__Task details__: All pictures are to be dropped, and everything else in the data duplicated exactly.

__Recorded data__:
* * *

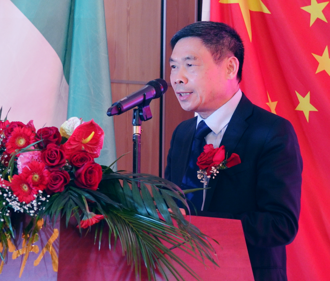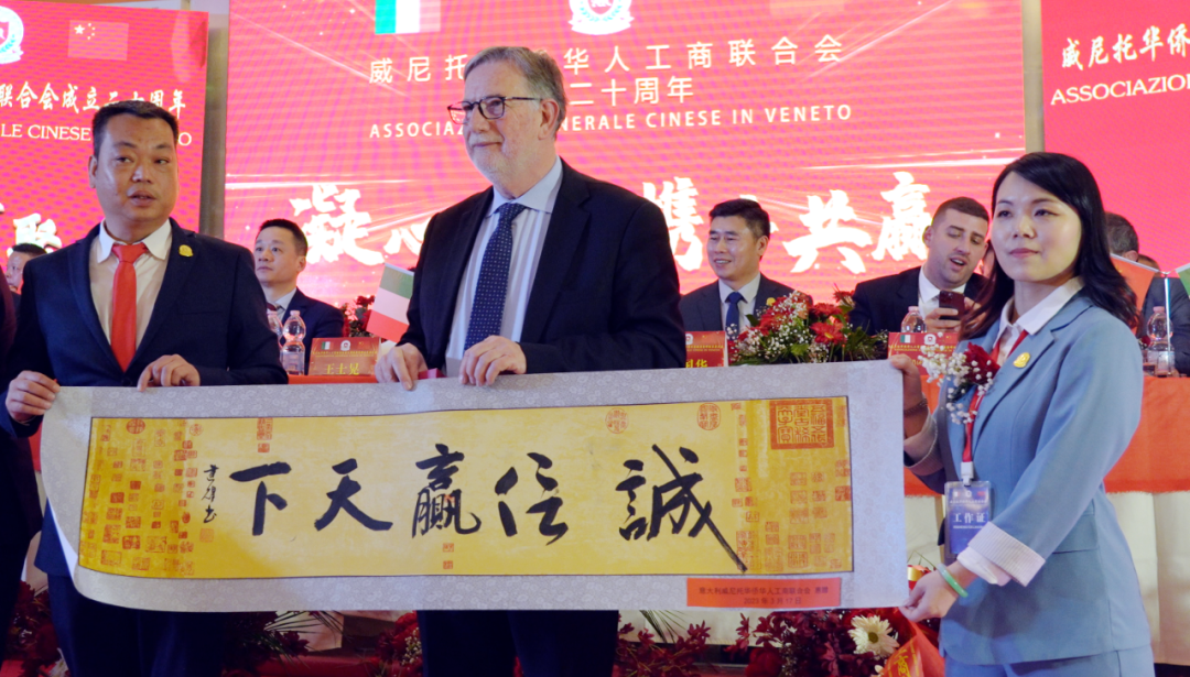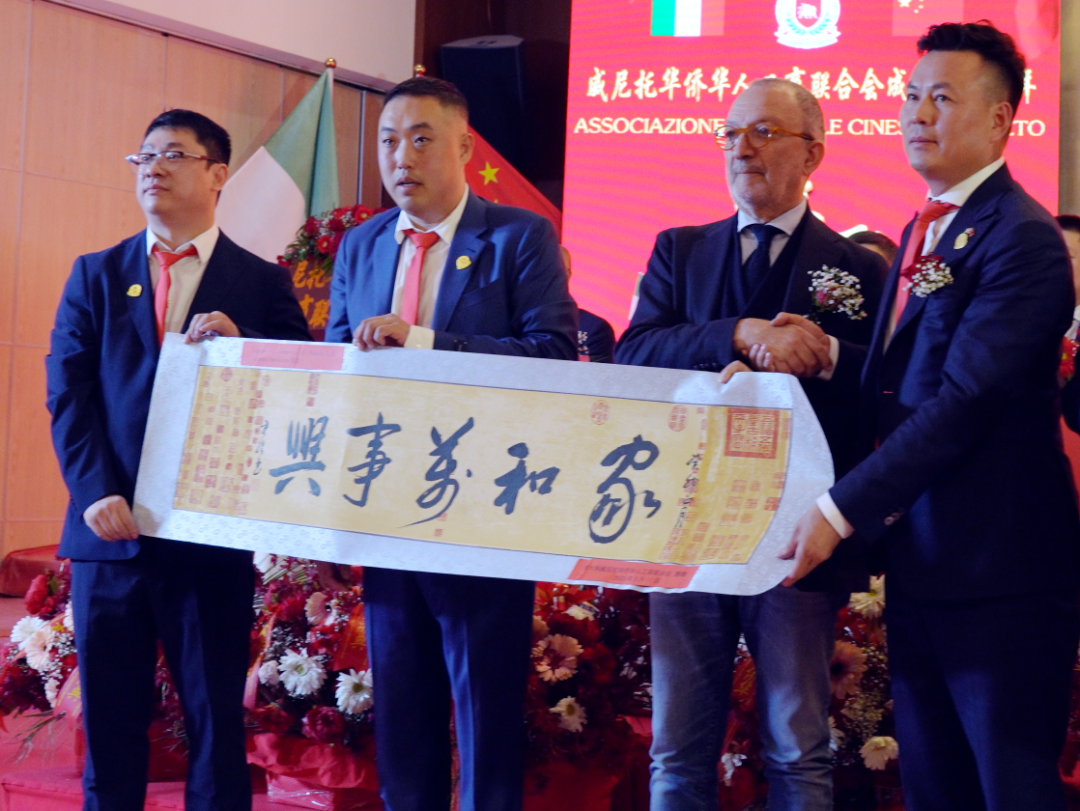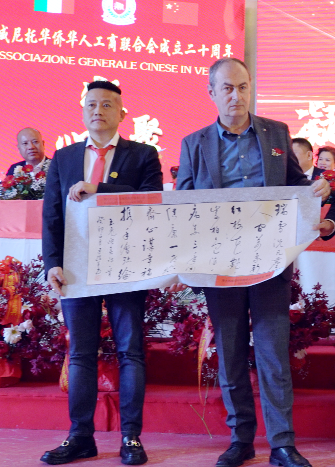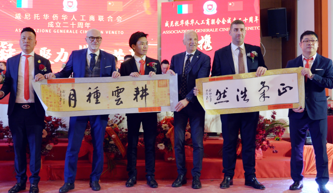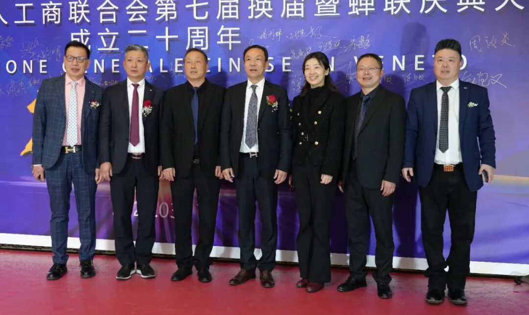 中国驻米兰总领事刘侃、重庆市侨联办公室主任牟童、温州市侨联副主席董邦云、米兰华侨华人工商会会长黄国权、罗马华侨华人联合总会会长陈和平、意大利华商总会会长洪森淼、padova副省长Daniele Canella、工商会主席Antonio Santocono、威尼托大区古城墙城市联盟主席Claudio arzenton等中外嘉宾先后致辞,对威尼托华侨华人工商联合会成功换届、王士晃蝉联会长表示热烈祝贺!他们希望联合会不断进取,为当地经济繁荣、促进华人积极融入及中意两国友好做出新的贡献,祝愿联合会的明天更加辉煌!
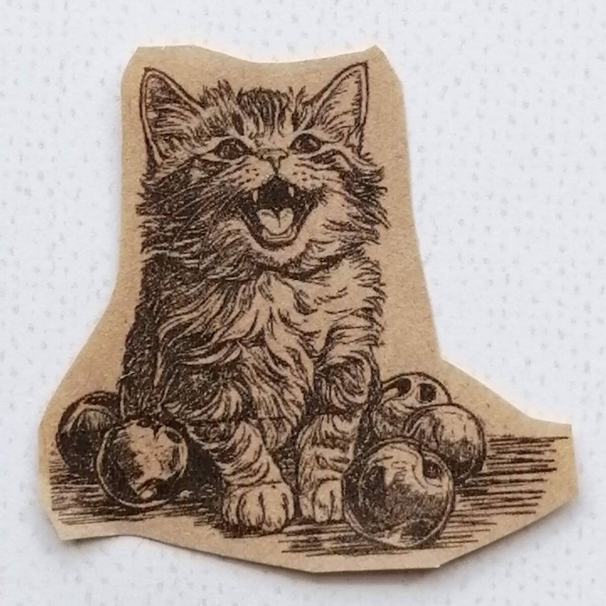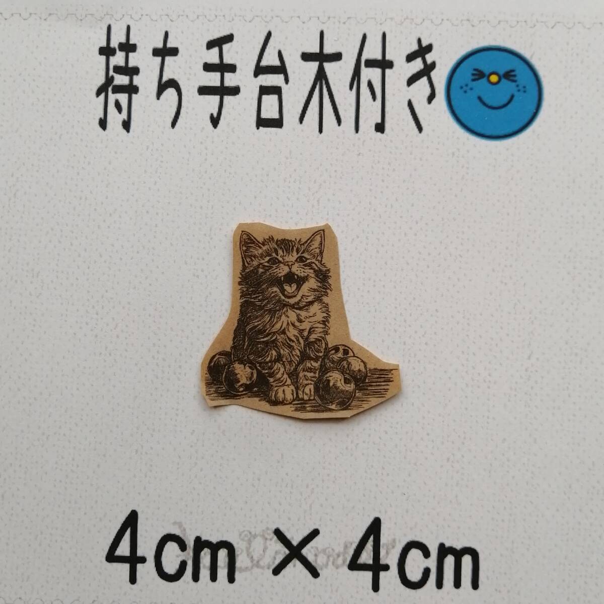 690 ねこ 木の実 はんこ ハンコ ヴィンテージ アンティーク スタンプ ゴム印 ラバースタンプ レトロ イラスト 子猫 鳴く 可愛い 猫 ネコ
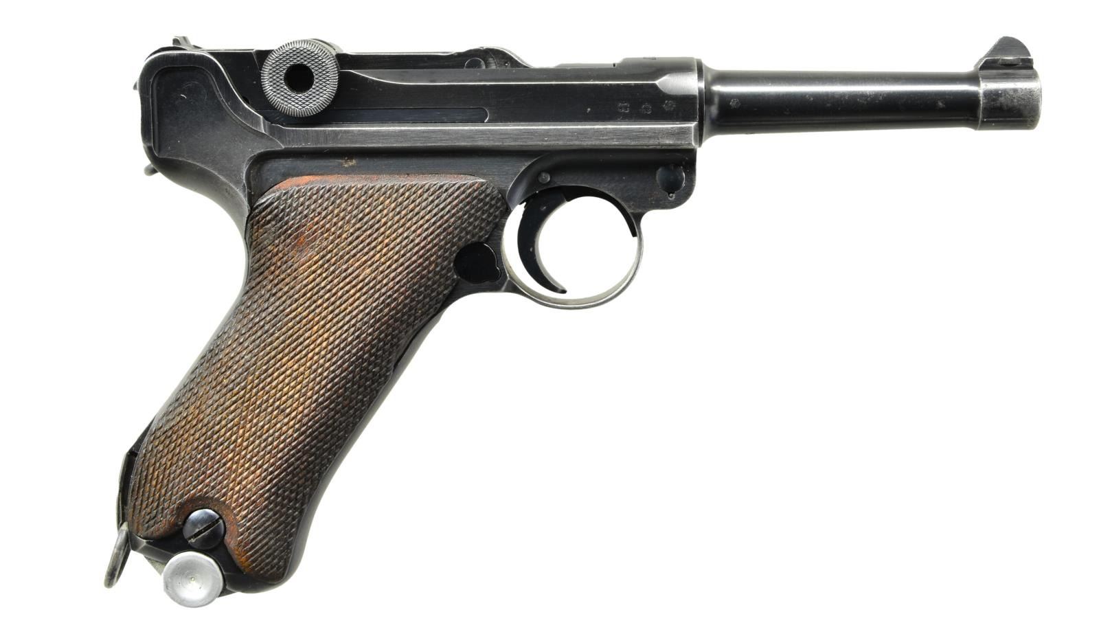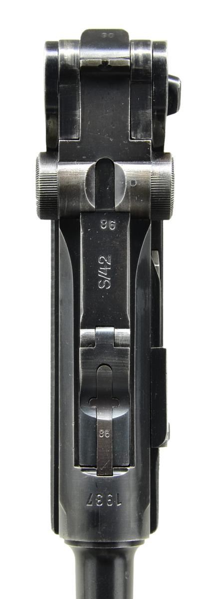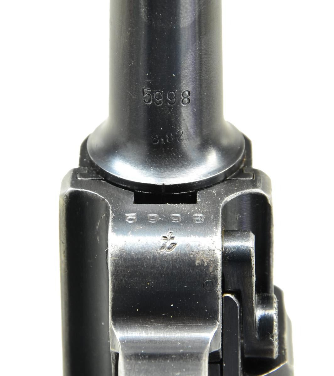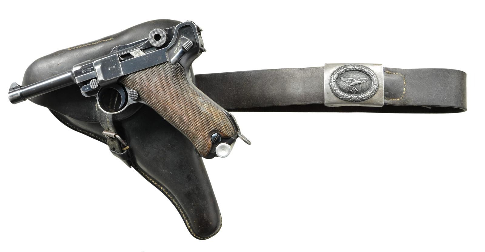 Cal. 9mm Luger. S# 5998t. Bbl. 4" w/ fin shaped sight, full S# plus eagle 63 & eagle test fire proofs. Mfg. 1937 w/ all blue late finish; blued interior too. Approx. 89,000 made S# 1501t-400b. Dual eagle 63 plus eagle test fire proofs on receiver. Bottom of stock lug cross drilled w/ robust lanyard ring added. All matching numbered including beech grips, sear & gas grooved firing pin; left grip additionally w/ "F". 1937 over chamber & "S/42" on toggles. MAGS: 2 good blued reproduction 8 rd.; aluminum base & follower plus wood base & plastic follower (both unmarked). UNATTACHED ACCESSORIES: good to very good holster & belt plus eagle party symbol marked very good loading tool. Holster is by Auwaerter & Bubeck w/ eagle WaA107 & 1936. Buckle & strap flap retention plus double belt loops; rear has 1 set of stitching detached near bottom. Very good belt dated 1938; difficult to read maker appears to be "MAX KOBESTEIR". Adjustment end of leather stamped "85". Unreadable marking of 2 words on inside near fixed end. Under folded flap at fixed end is carefully inked word of "Pagels" or "Pagets" (name?). Set for approx. 36" waist. CONDITION: good to very good overall having typical Luger high point & function wear. Markings plus profiles very sharp & clear w/ original finish. Grips w/ light marks plus flattened diamond top wear. Hold open latch missing spring plus rear toggle pivot is made of brass & should be replaced before using; no alterations to receiver for brass pivot. Good bore w/ wear & frosting. (23-514/NW). CURIO. $1,000-1,500.

* * *

__Response area__:
 中国驻米兰总领事刘侃、重庆市侨联办公室主任牟童、温州市侨联副主席董邦云、米兰华侨华人工商会会长黄国权、罗马华侨华人联合总会会长陈和平、意大利华商总会会长洪森淼、padova副省长Daniele Canella、工商会主席Antonio Santocono、威尼托大区古城墙城市联盟主席Claudio arzenton等中外嘉宾先后致辞,对威尼托华侨华人工商联合会成功换届、王士晃蝉联会长表示热烈祝贺!他们希望联合会不断进取,为当地经济繁荣、促进华人积极融入及中意两国友好做出新的贡献,祝愿联合会的明天更加辉煌!
 690 ねこ 木の実 はんこ ハンコ ヴィンテージ アンティーク スタンプ ゴム印 ラバースタンプ レトロ イラスト 子猫 鳴く 可愛い 猫 ネコ
 Cal. 9mm Luger. S# 5998t. Bbl. 4" w/ fin shaped sight, full S# plus eagle 63 & eagle test fire proofs. Mfg. 1937 w/ all blue late finish; blued interior too. Approx. 89,000 made S# 1501t-400b. Dual eagle 63 plus eagle test fire proofs on receiver. Bottom of stock lug cross drilled w/ robust lanyard ring added. All matching numbered including beech grips, sear & gas grooved firing pin; left grip additionally w/ "F". 1937 over chamber & "S/42" on toggles. MAGS: 2 good blued reproduction 8 rd.; aluminum base & follower plus wood base & plastic follower (both unmarked). UNATTACHED ACCESSORIES: good to very good holster & belt plus eagle party symbol marked very good loading tool. Holster is by Auwaerter & Bubeck w/ eagle WaA107 & 1936. Buckle & strap flap retention plus double belt loops; rear has 1 set of stitching detached near bottom. Very good belt dated 1938; difficult to read maker appears to be "MAX KOBESTEIR". Adjustment end of leather stamped "85". Unreadable marking of 2 words on inside near fixed end. Under folded flap at fixed end is carefully inked word of "Pagels" or "Pagets" (name?). Set for approx. 36" waist. CONDITION: good to very good overall having typical Luger high point & function wear. Markings plus profiles very sharp & clear w/ original finish. Grips w/ light marks plus flattened diamond top wear. Hold open latch missing spring plus rear toggle pivot is made of brass & should be replaced before using; no alterations to receiver for brass pivot. Good bore w/ wear & frosting. (23-514/NW). CURIO. $1,000-1,500.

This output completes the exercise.